### Data provided

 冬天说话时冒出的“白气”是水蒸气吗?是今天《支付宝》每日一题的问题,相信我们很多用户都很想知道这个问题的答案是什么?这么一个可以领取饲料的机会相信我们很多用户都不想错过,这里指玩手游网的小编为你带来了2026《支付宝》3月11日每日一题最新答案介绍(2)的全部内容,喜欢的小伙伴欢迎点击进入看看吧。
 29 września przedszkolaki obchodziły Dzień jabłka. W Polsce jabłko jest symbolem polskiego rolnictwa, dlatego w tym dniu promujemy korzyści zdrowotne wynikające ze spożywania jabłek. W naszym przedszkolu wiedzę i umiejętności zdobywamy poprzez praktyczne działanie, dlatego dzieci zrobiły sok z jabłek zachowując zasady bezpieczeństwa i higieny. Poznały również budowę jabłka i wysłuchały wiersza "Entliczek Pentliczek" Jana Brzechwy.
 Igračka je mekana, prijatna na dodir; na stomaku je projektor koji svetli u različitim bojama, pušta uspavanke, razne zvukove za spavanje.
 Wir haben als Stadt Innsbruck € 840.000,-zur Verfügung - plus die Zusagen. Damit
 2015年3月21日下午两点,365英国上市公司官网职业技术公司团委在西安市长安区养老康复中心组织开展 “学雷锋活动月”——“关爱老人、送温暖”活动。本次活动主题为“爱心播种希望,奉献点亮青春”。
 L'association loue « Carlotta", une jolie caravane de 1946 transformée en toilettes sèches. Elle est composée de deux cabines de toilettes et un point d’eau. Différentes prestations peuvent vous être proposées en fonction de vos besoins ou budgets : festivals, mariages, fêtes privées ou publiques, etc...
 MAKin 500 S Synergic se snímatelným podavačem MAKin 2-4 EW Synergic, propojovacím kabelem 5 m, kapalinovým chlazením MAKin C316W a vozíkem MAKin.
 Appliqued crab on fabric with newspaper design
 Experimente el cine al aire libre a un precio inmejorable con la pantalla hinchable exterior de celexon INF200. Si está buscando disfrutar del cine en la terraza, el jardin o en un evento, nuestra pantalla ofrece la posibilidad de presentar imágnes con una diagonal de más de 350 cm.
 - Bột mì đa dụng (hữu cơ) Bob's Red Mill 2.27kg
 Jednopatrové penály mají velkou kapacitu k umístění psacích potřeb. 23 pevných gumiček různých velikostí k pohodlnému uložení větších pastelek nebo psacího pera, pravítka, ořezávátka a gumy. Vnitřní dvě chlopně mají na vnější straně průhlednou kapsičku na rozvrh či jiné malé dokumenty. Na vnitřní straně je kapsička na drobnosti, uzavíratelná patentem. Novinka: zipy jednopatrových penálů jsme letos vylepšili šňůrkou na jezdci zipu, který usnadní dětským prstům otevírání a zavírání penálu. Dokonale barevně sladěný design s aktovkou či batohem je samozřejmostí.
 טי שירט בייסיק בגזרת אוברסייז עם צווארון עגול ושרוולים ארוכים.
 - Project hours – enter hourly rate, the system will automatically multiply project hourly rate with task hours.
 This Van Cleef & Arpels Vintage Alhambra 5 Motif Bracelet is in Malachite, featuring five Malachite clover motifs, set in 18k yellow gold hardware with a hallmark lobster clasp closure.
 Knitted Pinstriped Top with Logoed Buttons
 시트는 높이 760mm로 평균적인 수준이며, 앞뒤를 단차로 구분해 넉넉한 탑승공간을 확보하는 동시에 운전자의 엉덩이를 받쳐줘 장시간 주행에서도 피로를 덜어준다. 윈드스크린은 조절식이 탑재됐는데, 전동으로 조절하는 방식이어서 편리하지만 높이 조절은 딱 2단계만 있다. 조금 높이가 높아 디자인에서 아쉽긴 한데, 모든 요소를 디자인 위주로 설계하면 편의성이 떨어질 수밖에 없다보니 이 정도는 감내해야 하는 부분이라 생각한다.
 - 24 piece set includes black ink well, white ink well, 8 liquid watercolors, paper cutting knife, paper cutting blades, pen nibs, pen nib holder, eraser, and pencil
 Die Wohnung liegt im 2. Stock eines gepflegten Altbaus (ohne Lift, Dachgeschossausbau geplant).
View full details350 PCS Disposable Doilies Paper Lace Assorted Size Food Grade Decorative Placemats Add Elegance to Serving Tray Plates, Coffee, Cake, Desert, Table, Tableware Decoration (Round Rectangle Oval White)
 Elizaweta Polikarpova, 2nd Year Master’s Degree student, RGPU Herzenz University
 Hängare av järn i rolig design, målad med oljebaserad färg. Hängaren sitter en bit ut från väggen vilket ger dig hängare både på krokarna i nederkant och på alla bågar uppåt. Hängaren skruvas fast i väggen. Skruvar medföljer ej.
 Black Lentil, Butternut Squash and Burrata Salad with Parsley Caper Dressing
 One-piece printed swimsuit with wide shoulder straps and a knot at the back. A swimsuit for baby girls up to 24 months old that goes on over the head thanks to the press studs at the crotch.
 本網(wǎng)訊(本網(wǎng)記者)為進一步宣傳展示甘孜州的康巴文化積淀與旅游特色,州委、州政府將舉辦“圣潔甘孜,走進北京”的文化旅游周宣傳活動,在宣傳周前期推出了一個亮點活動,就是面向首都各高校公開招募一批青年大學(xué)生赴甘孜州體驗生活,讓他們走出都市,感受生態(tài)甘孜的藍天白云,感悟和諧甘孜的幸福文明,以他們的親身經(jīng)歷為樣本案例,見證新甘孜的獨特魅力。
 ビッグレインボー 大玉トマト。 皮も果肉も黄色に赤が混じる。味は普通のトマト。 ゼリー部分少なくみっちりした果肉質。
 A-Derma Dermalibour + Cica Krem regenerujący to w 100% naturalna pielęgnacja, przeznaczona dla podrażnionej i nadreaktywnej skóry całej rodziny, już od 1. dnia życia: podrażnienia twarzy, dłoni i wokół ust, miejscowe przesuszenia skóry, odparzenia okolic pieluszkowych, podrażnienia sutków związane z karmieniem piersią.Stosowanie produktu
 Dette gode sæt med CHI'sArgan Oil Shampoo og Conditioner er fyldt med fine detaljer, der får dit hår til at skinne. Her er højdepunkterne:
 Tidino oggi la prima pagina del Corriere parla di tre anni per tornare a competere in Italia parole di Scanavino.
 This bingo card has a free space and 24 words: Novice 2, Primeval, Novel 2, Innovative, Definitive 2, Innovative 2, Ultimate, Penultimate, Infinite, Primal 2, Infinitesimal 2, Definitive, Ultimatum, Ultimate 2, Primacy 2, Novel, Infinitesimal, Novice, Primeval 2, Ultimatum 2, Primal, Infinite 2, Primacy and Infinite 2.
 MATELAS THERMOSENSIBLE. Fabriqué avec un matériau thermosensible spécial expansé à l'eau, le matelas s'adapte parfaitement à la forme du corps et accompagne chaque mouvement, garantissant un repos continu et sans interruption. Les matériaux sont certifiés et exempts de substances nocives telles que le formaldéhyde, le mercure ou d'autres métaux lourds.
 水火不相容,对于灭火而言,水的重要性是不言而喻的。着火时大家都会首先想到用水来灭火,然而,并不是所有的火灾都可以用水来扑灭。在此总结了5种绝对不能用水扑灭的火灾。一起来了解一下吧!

######

*Action item*
Every word in the records must appear in your copy exactly as it does above.

*Finished task*
 冬天说话时冒出的“白气”是水蒸气吗?是今天《支付宝》每日一题的问题,相信我们很多用户都很想知道这个问题的答案是什么?这么一个可以领取饲料的机会相信我们很多用户都不想错过,这里指玩手游网的小编为你带来了2026《支付宝》3月11日每日一题最新答案介绍(2)的全部内容,喜欢的小伙伴欢迎点击进入看看吧。
 29 września przedszkolaki obchodziły Dzień jabłka. W Polsce jabłko jest symbolem polskiego rolnictwa, dlatego w tym dniu promujemy korzyści zdrowotne wynikające ze spożywania jabłek. W naszym przedszkolu wiedzę i umiejętności zdobywamy poprzez praktyczne działanie, dlatego dzieci zrobiły sok z jabłek zachowując zasady bezpieczeństwa i higieny. Poznały również budowę jabłka i wysłuchały wiersza "Entliczek Pentliczek" Jana Brzechwy.
 Igračka je mekana, prijatna na dodir; na stomaku je projektor koji svetli u različitim bojama, pušta uspavanke, razne zvukove za spavanje.
 Wir haben als Stadt Innsbruck € 840.000,-zur Verfügung - plus die Zusagen. Damit
 2015年3月21日下午两点,365英国上市公司官网职业技术公司团委在西安市长安区养老康复中心组织开展 “学雷锋活动月”——“关爱老人、送温暖”活动。本次活动主题为“爱心播种希望,奉献点亮青春”。
 L'association loue « Carlotta", une jolie caravane de 1946 transformée en toilettes sèches. Elle est composée de deux cabines de toilettes et un point d’eau. Différentes prestations peuvent vous être proposées en fonction de vos besoins ou budgets : festivals, mariages, fêtes privées ou publiques, etc...
 MAKin 500 S Synergic se snímatelným podavačem MAKin 2-4 EW Synergic, propojovacím kabelem 5 m, kapalinovým chlazením MAKin C316W a vozíkem MAKin.
 Appliqued crab on fabric with newspaper design
 Experimente el cine al aire libre a un precio inmejorable con la pantalla hinchable exterior de celexon INF200. Si está buscando disfrutar del cine en la terraza, el jardin o en un evento, nuestra pantalla ofrece la posibilidad de presentar imágnes con una diagonal de más de 350 cm.
 - Bột mì đa dụng (hữu cơ) Bob's Red Mill 2.27kg
 Jednopatrové penály mají velkou kapacitu k umístění psacích potřeb. 23 pevných gumiček různých velikostí k pohodlnému uložení větších pastelek nebo psacího pera, pravítka, ořezávátka a gumy. Vnitřní dvě chlopně mají na vnější straně průhlednou kapsičku na rozvrh či jiné malé dokumenty. Na vnitřní straně je kapsička na drobnosti, uzavíratelná patentem. Novinka: zipy jednopatrových penálů jsme letos vylepšili šňůrkou na jezdci zipu, který usnadní dětským prstům otevírání a zavírání penálu. Dokonale barevně sladěný design s aktovkou či batohem je samozřejmostí.
 טי שירט בייסיק בגזרת אוברסייז עם צווארון עגול ושרוולים ארוכים.
 - Project hours – enter hourly rate, the system will automatically multiply project hourly rate with task hours.
 This Van Cleef & Arpels Vintage Alhambra 5 Motif Bracelet is in Malachite, featuring five Malachite clover motifs, set in 18k yellow gold hardware with a hallmark lobster clasp closure.
 Knitted Pinstriped Top with Logoed Buttons
 시트는 높이 760mm로 평균적인 수준이며, 앞뒤를 단차로 구분해 넉넉한 탑승공간을 확보하는 동시에 운전자의 엉덩이를 받쳐줘 장시간 주행에서도 피로를 덜어준다. 윈드스크린은 조절식이 탑재됐는데, 전동으로 조절하는 방식이어서 편리하지만 높이 조절은 딱 2단계만 있다. 조금 높이가 높아 디자인에서 아쉽긴 한데, 모든 요소를 디자인 위주로 설계하면 편의성이 떨어질 수밖에 없다보니 이 정도는 감내해야 하는 부분이라 생각한다.
 - 24 piece set includes black ink well, white ink well, 8 liquid watercolors, paper cutting knife, paper cutting blades, pen nibs, pen nib holder, eraser, and pencil
 Die Wohnung liegt im 2. Stock eines gepflegten Altbaus (ohne Lift, Dachgeschossausbau geplant).
View full details350 PCS Disposable Doilies Paper Lace Assorted Size Food Grade Decorative Placemats Add Elegance to Serving Tray Plates, Coffee, Cake, Desert, Table, Tableware Decoration (Round Rectangle Oval White)
 Elizaweta Polikarpova, 2nd Year Master’s Degree student, RGPU Herzenz University
 Hängare av järn i rolig design, målad med oljebaserad färg. Hängaren sitter en bit ut från väggen vilket ger dig hängare både på krokarna i nederkant och på alla bågar uppåt. Hängaren skruvas fast i väggen. Skruvar medföljer ej.
 Black Lentil, Butternut Squash and Burrata Salad with Parsley Caper Dressing
 One-piece printed swimsuit with wide shoulder straps and a knot at the back. A swimsuit for baby girls up to 24 months old that goes on over the head thanks to the press studs at the crotch.
 本網(wǎng)訊(本網(wǎng)記者)為進一步宣傳展示甘孜州的康巴文化積淀與旅游特色,州委、州政府將舉辦“圣潔甘孜,走進北京”的文化旅游周宣傳活動,在宣傳周前期推出了一個亮點活動,就是面向首都各高校公開招募一批青年大學(xué)生赴甘孜州體驗生活,讓他們走出都市,感受生態(tài)甘孜的藍天白云,感悟和諧甘孜的幸福文明,以他們的親身經(jīng)歷為樣本案例,見證新甘孜的獨特魅力。
 ビッグレインボー 大玉トマト。 皮も果肉も黄色に赤が混じる。味は普通のトマト。 ゼリー部分少なくみっちりした果肉質。
 A-Derma Dermalibour + Cica Krem regenerujący to w 100% naturalna pielęgnacja, przeznaczona dla podrażnionej i nadreaktywnej skóry całej rodziny, już od 1. dnia życia: podrażnienia twarzy, dłoni i wokół ust, miejscowe przesuszenia skóry, odparzenia okolic pieluszkowych, podrażnienia sutków związane z karmieniem piersią.Stosowanie produktu
 Dette gode sæt med CHI'sArgan Oil Shampoo og Conditioner er fyldt med fine detaljer, der får dit hår til at skinne. Her er højdepunkterne:
 Tidino oggi la prima pagina del Corriere parla di tre anni per tornare a competere in Italia parole di Scanavino.
 This bingo card has a free space and 24 words: Novice 2, Primeval, Novel 2, Innovative, Definitive 2, Innovative 2, Ultimate, Penultimate, Infinite, Primal 2, Infinitesimal 2, Definitive, Ultimatum, Ultimate 2, Primacy 2, Novel, Infinitesimal, Novice, Primeval 2, Ultimatum 2, Primal, Infinite 2, Primacy and Infinite 2.
 MATELAS THERMOSENSIBLE. Fabriqué avec un matériau thermosensible spécial expansé à l'eau, le matelas s'adapte parfaitement à la forme du corps et accompagne chaque mouvement, garantissant un repos continu et sans interruption. Les matériaux sont certifiés et exempts de substances nocives telles que le formaldéhyde, le mercure ou d'autres métaux lourds.
 水火不相容,对于灭火而言,水的重要性是不言而喻的。着火时大家都会首先想到用水来灭火,然而,并不是所有的火灾都可以用水来扑灭。在此总结了5种绝对不能用水扑灭的火灾。一起来了解一下吧!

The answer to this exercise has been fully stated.